“So they locked you up.”
“So they locked me up,” Danskin said. “I feigned mad ness. I babbled, I recited Heine. Nine years. Here I am.”
They rode in silence for a while.
“But you’re still pissed off.”
“Now more than ever.”
“Are you sorry?”
“I’m sorry I got put away. I’m not sorry I wasted Brucie. The fucking guy would remember me all his life. He’d be a rich doctor or the Secretary of Interior and he’d have this picture in his mind of me being thrown out of Loew’s. I’d rather have done the time.”
He seemed to be growing angry again. His jaw trembled.
“He’d be married to Claire. She’d say, remember the great fuck we had the night you threw that schmuck whatshisname out of the movies?”
Danskin released an asthmatic sigh and relaxed.
“That’s not the way I want to be remembered.”
“When I went to school,” Converse said, “they used to tell us to offer our humiliations to the Holy Ghost.”
“That’s sick,” Danskin said. He shuddered with revulsion. “That’s fucking repulsive. Why the Holy Ghost?”

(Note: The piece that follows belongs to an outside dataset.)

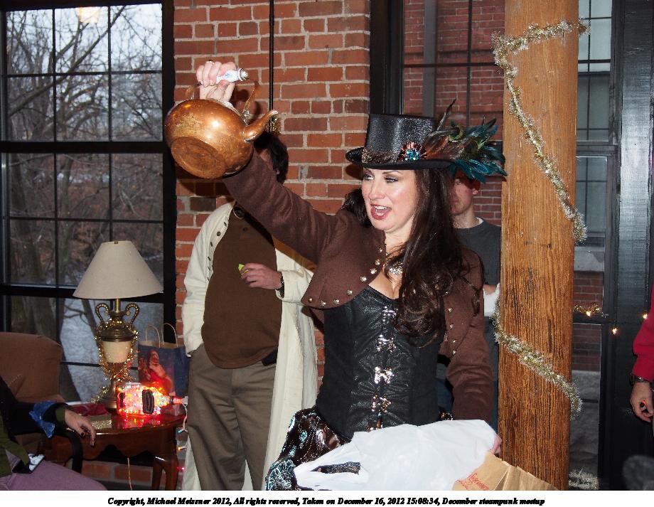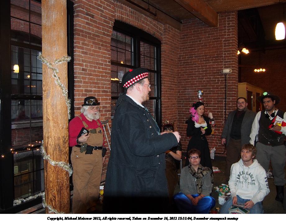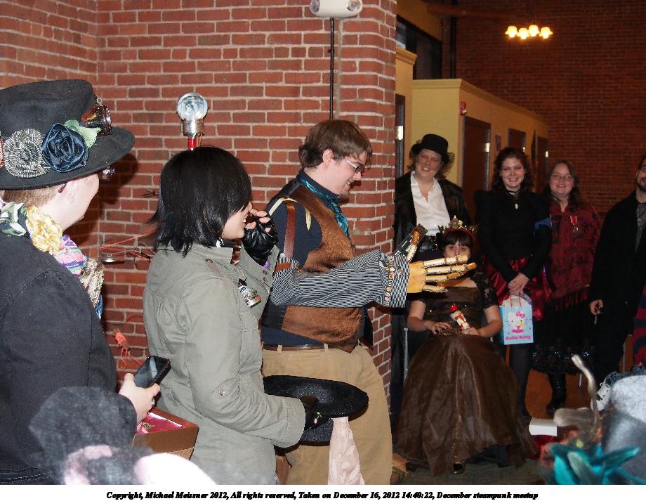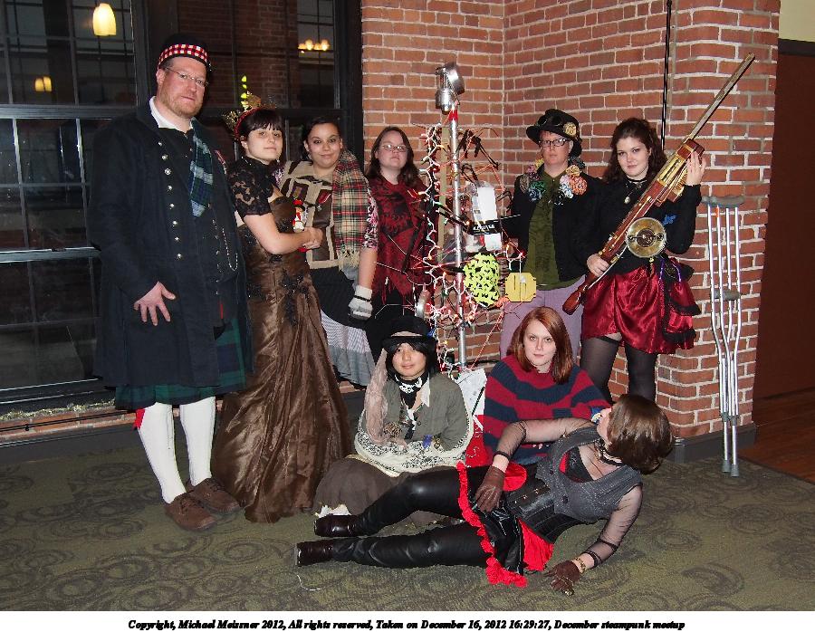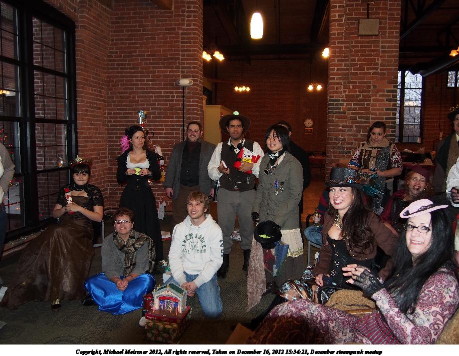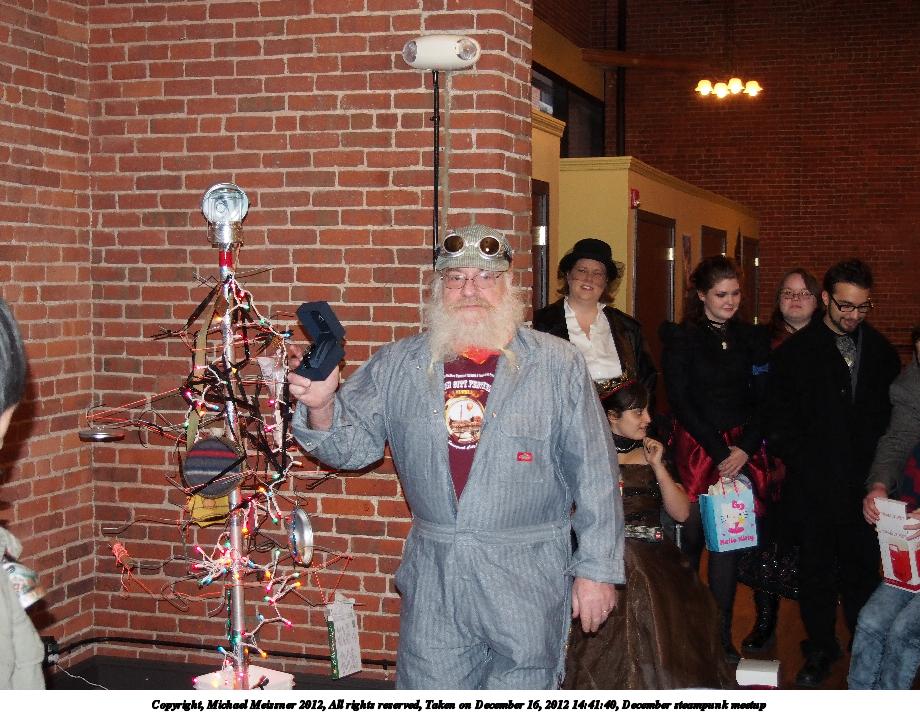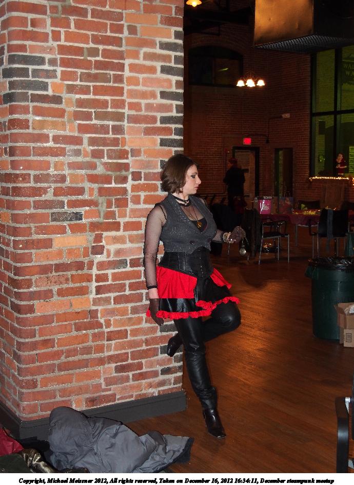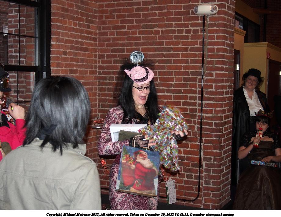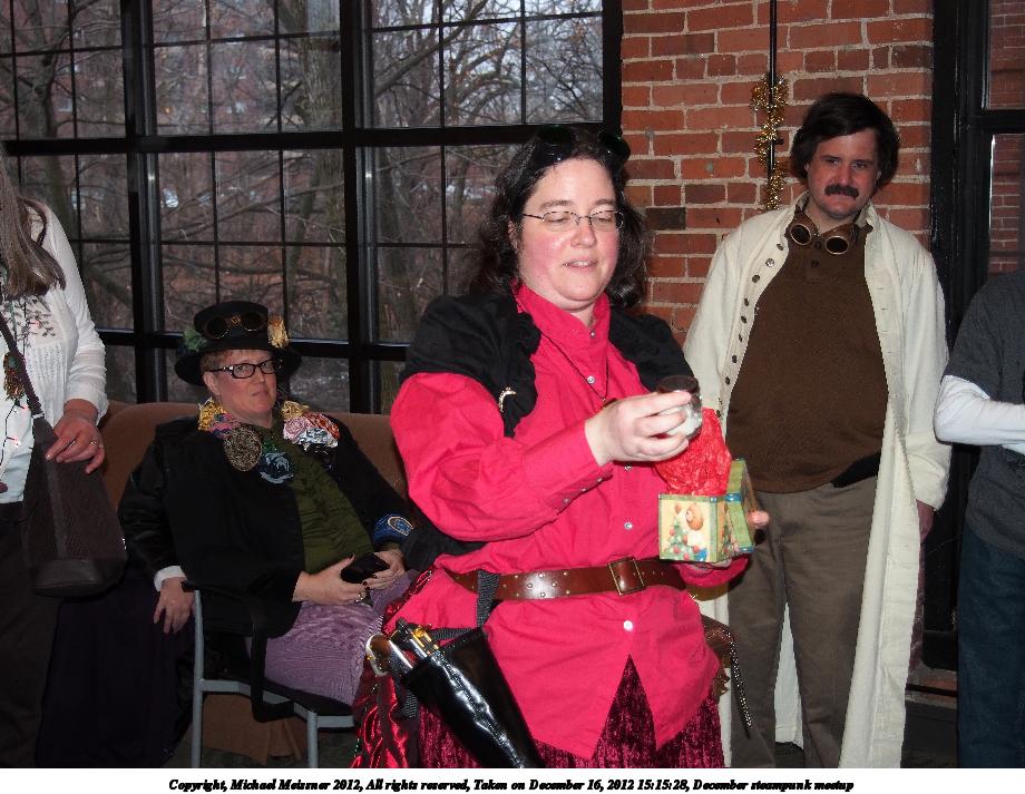 Picture #10: December steampunk meetup #10 Small: 920x713, 147,103 bytes (144K), (html file) Large: 4600x3450, 4,706,685 bytes (4.5M), (html file) Copyright, Michael Meissner 2012, All rights reserved Olympus E-PM2 camera with Olympus-m43 14-42mm-IIR f/3.5-5.6 lens f/3.5, ISO 800, flash (+0.33 flash compensation), 1/60 sec, 14.0mm, auto mode, natural color, matrix metering, IS1 (All Direction Shake IS), noise reduction auto 35mm equivalent focal length 28.0mm Programs used: crop, raw therapee Taken by Michael Meissner on December 16, 2012 15:31:04 Last modified on July 15, 2013 at 10:38 |

“I guess He likes to see people fuck up.”
“He must get a kick out of you, huh?”
“I think the idea was to make something balance.”
Danskin shook his head.
“People are so stupid,” he said, “it makes you cry.”
“So what happened,” Converse asked, “after you got out?”
“I came out of there with a Jones, that’s what happened. I was dicking this wiggy nurse and she turned me on. On grass. On acid. On screwing for that matter. She was queer for madmen.
“We’d go down to the swimming pool and shoot dilaudid tabs, then morphine. It was really nice. The shrinks would try to get to me so I’d chew the rug and I’d just smile, man. Just — hello sunshine! They’d look me up and down, going hmmmm hmmmm — you know what I mean? And I’m standing there so fucking loaded I think I’m in Rockaway. They wouldn’t go for that now, but in those days it never occurred to them.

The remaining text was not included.